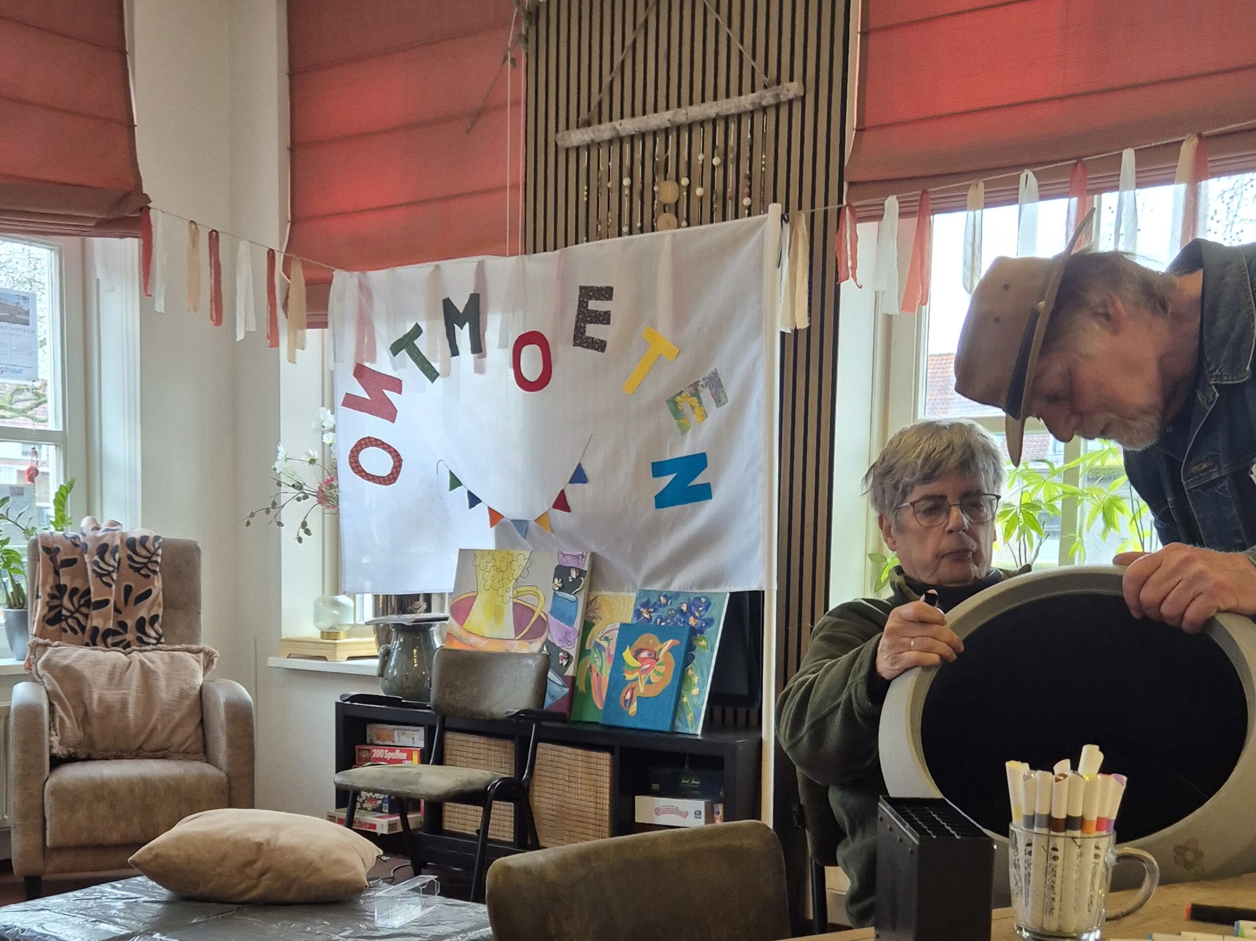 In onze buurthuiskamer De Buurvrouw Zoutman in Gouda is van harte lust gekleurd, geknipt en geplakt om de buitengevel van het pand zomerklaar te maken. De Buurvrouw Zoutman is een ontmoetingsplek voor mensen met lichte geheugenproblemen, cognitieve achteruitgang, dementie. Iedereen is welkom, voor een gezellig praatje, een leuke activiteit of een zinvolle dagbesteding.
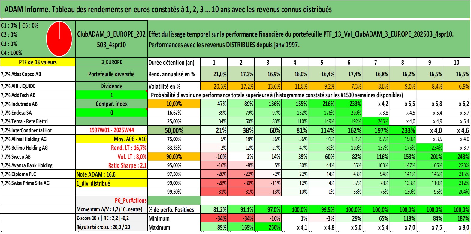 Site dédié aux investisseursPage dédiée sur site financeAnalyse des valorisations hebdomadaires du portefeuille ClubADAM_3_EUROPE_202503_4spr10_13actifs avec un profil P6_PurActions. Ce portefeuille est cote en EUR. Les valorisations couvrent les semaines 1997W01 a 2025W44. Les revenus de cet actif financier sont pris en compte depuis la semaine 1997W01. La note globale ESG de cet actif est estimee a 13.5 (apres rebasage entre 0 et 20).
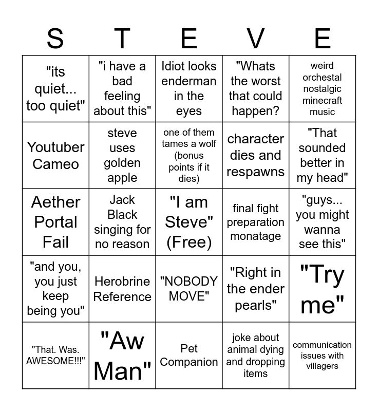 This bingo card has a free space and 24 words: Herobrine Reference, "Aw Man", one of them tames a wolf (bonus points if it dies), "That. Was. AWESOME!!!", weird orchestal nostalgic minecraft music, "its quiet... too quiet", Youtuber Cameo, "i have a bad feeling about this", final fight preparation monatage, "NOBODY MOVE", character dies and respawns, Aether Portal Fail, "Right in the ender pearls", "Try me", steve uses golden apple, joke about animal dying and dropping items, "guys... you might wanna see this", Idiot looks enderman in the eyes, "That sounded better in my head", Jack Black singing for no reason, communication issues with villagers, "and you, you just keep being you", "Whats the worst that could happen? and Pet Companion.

• _Activity_
Provide the lines again, unchanged, from where the data above begins through the line containing "Site dédié aux", both ends included, omitting pictures and adding nothing.

• _Reply_
 In onze buurthuiskamer De Buurvrouw Zoutman in Gouda is van harte lust gekleurd, geknipt en geplakt om de buitengevel van het pand zomerklaar te maken. De Buurvrouw Zoutman is een ontmoetingsplek voor mensen met lichte geheugenproblemen, cognitieve achteruitgang, dementie. Iedereen is welkom, voor een gezellig praatje, een leuke activiteit of een zinvolle dagbesteding.
 Site dédié aux investisseursPage dédiée sur site financeAnalyse des valorisations hebdomadaires du portefeuille ClubADAM_3_EUROPE_202503_4spr10_13actifs avec un profil P6_PurActions. Ce portefeuille est cote en EUR. Les valorisations couvrent les semaines 1997W01 a 2025W44. Les revenus de cet actif financier sont pris en compte depuis la semaine 1997W01. La note globale ESG de cet actif est estimee a 13.5 (apres rebasage entre 0 et 20).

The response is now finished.